Она замолчала и, видно, ждала, что скажет сын.
— Матушка, милая, были бы вы счастливы, — заторопился Яков Александрович.
— Что ж, так-то жить мне куда легче… — отозвалась она. — А теперь тебя повидала, и совсем хорошо будет… Только вот батюшка там совсем один. Как тебе должность выйдет, уговори его к нам перебраться.
На этом разговор и кончился, потому что почти над их головами открылась форточка, и Семен Никитич, услышавший из комнаты голоса, спросил:
— Эй, богомольцы, вы, что ли?
— Мы, — отозвался Яков Александрович.
— Так полно любезничать, самовар давно ждет.
В следующие дни Вербов ближе пригляделся к Семену Никитичу. Был это, несомненно, хороший, но заурядный человек. Исправно нес он свои обязанности, вполне удовлетворенный полученным за десять лет службы званием лекарского помощника, именованием «ваше благородие» и воскресным пирогом, запитым перцовкой. В общежитии был обходителен, к матери относился ровно и с уважением. С утра уходил в свой госпиталь, возвращался часов в пять и, пообедав, усаживался писать для приработка кудреватым почерком длинные списки лекарств, белья и еще чего-то. Потом ужинал и после недолгого разговора заваливался спать. Держаться норовил Семен Никитич молодцевато, по-военному, грудь вперед, часто наивно горделивым движением разглаживал усы, причем как-то забавно дергал шеей, как бы стараясь показаться выше, чем был.

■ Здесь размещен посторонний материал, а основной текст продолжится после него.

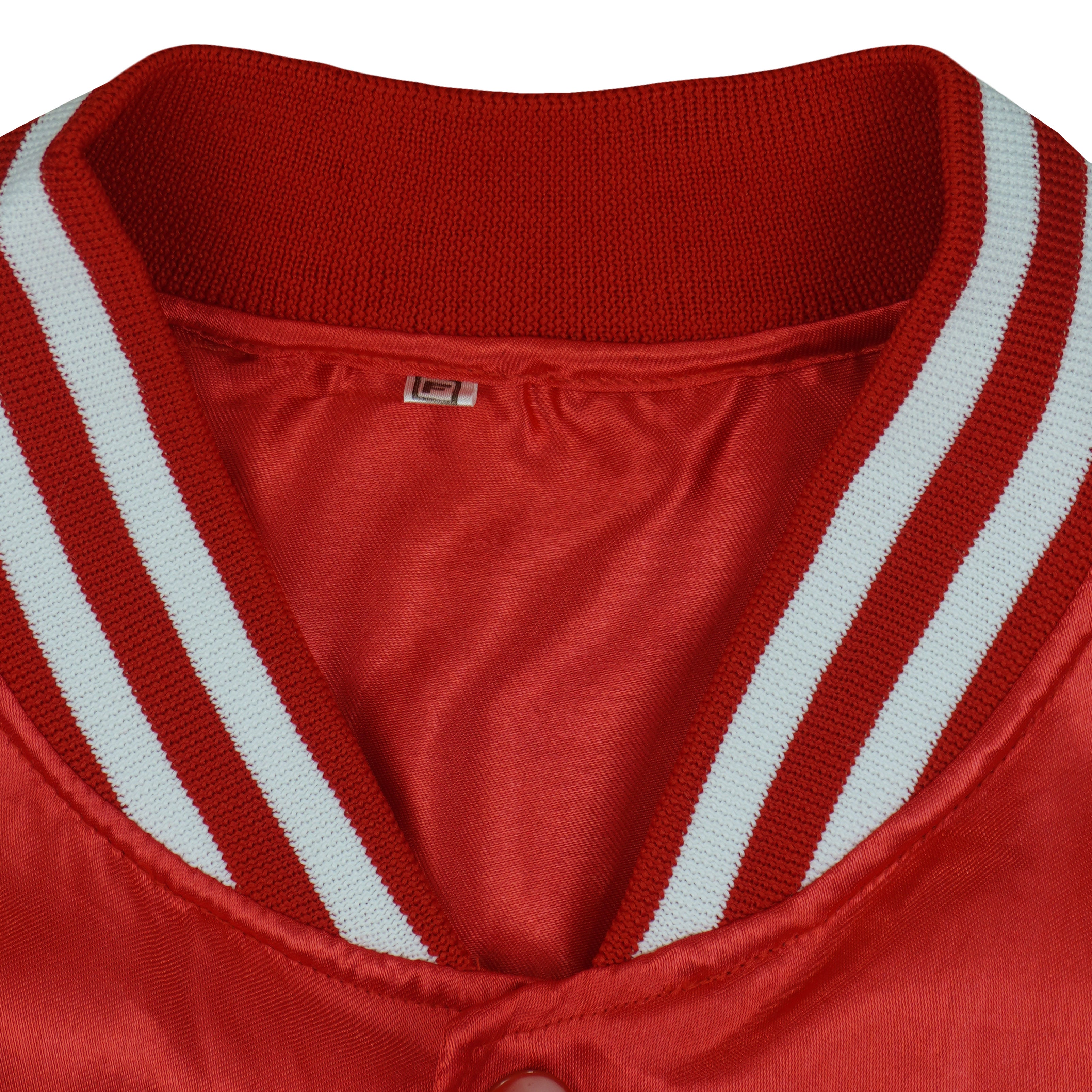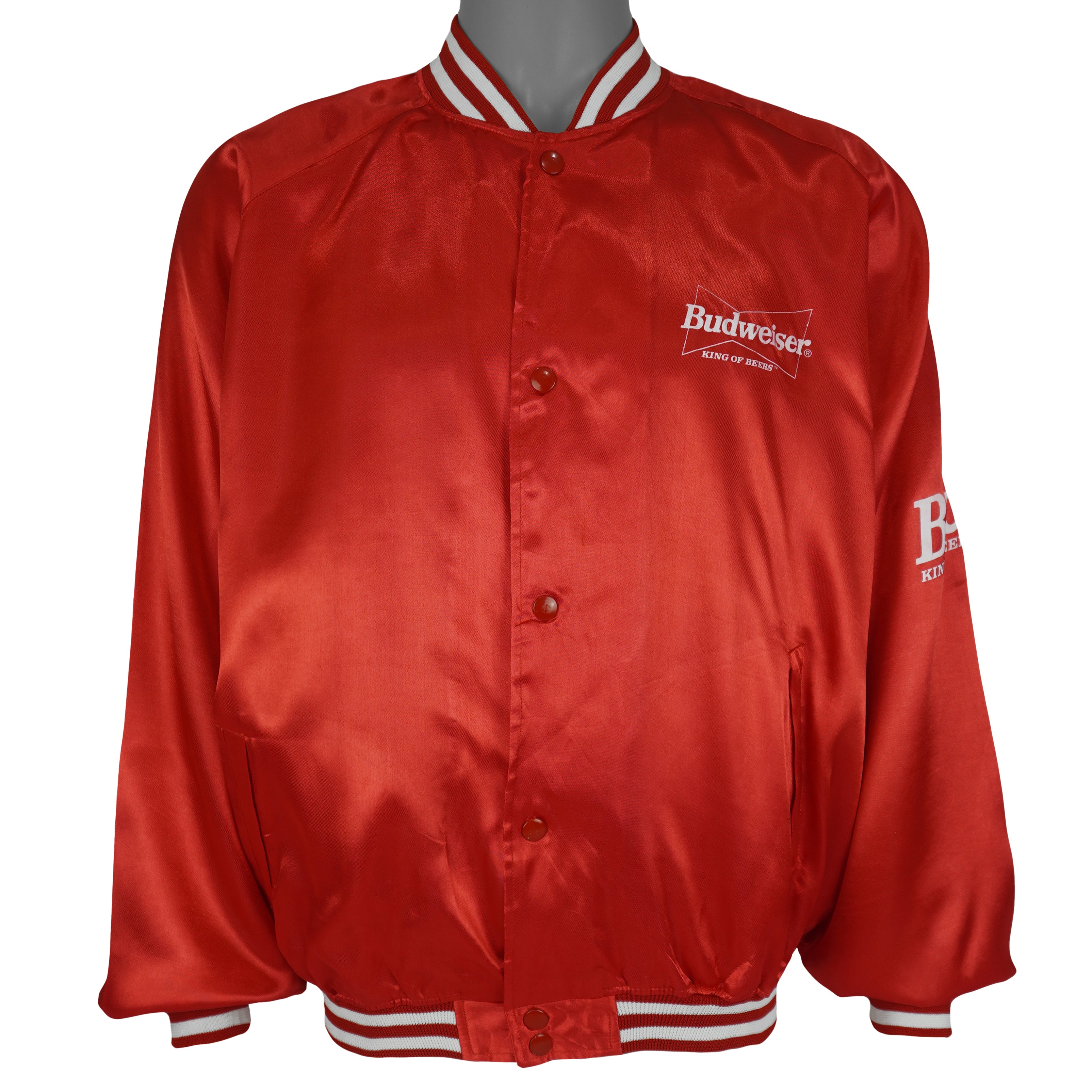 1980s Vintage Budweiser King Of Beers Spell-Out Button-Up Satin Jacket. Red in color, fitting a medium size with signs of wear, fainted on logo and is otherwise in very good condition.

Вскоре Яков Александрович понял, что жизнь матери если не счастливая, как он представлял тогда семейное счастье, то все же полнее, лучше, чем прежняя. С утра до ночи была она занята воспитанием и опеканием детей и непрерывной, равномерной, необходимой работой. Те печальные, одинокие годы, когда заглушала тоску по Александру Дмитриевичу, приучили ее к домашнему труду, сделали этот труд необходимым. И теперь она жила тою же жизнью, но в собственной семье, державшейся на ее заботе и нравственном авторитете.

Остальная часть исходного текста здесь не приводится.